A. First, look at the actual wording of the lease (for example, is the lease structured for motels and must the assessment of "market" take into account market rent for motels?)
Generally, a market rent review is based on what a willing, but not anxious, tenant is prepared to pay to lease the premises.
In assessing the market rent, valuers will take into account rent paid for comparable premises (in a similar region, location, a similar size and used for similar purposes).
A review may also take into account the term of the lease and length of time between each review.
The underlying land's value is a major factor in assessing the market value of the leasehold interest. But unless the lease specifically requires it, the landlord is not obliged to determine rent based on "motel industry standards". The landlord is only required to consider what he/she could get from the market if he/she were to lease these premises to someone else.
Whether you can require the landlord to decrease the rent depends largely on whether your lease contains a "ratchet" provision.
Most commercial leases contain a rent "ratchet" providing that the rent, upon review, can never be less than either the rent at the commencement of a lease (soft ratchet), or rent determined on the last review (hard ratchet).
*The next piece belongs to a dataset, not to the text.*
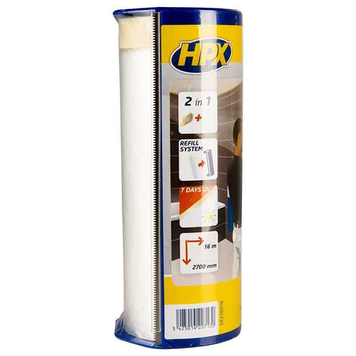 HPXDE270016 წებვადი ქაღალდის ლენტი ჩამოსაშლელი ცელოფნით და დისპანსერით 2700მმ X 16მ

It would be surprising if your lease did not have a rent ratchet. If it does, the landlord has no obligation to lower your rent - even if the market value has fallen.
Q. If an "agreement for sale and purchase of real estate" has a condition stating that the agreement remains confidential between the vendor and the purchaser, does this condition prohibit the terms of the agreement and the purchase price from being disclosed by third parties (for example, valuers repeating or printing the purchase price in valuations for banks when assessing properties in the area)?
Would this condition void the agreement if the terms were blatantly made public? What rights or remedies do the vendor or purchaser have?
A. A confidentiality clause in an agreement for sale and purchase of real estate is binding only on the parties to the agreement (the vendor and the purchaser).
A confidentiality clause may allow a party to disclose the terms of the agreement to certain people such as lawyers and valuers.
But if the confidentiality clause does not allow disclosure to a valuer, and the purchaser appoints a valuer, then the confidentiality clause will be binding on the valuer only if the valuer has agreed to keep the agreement confidential.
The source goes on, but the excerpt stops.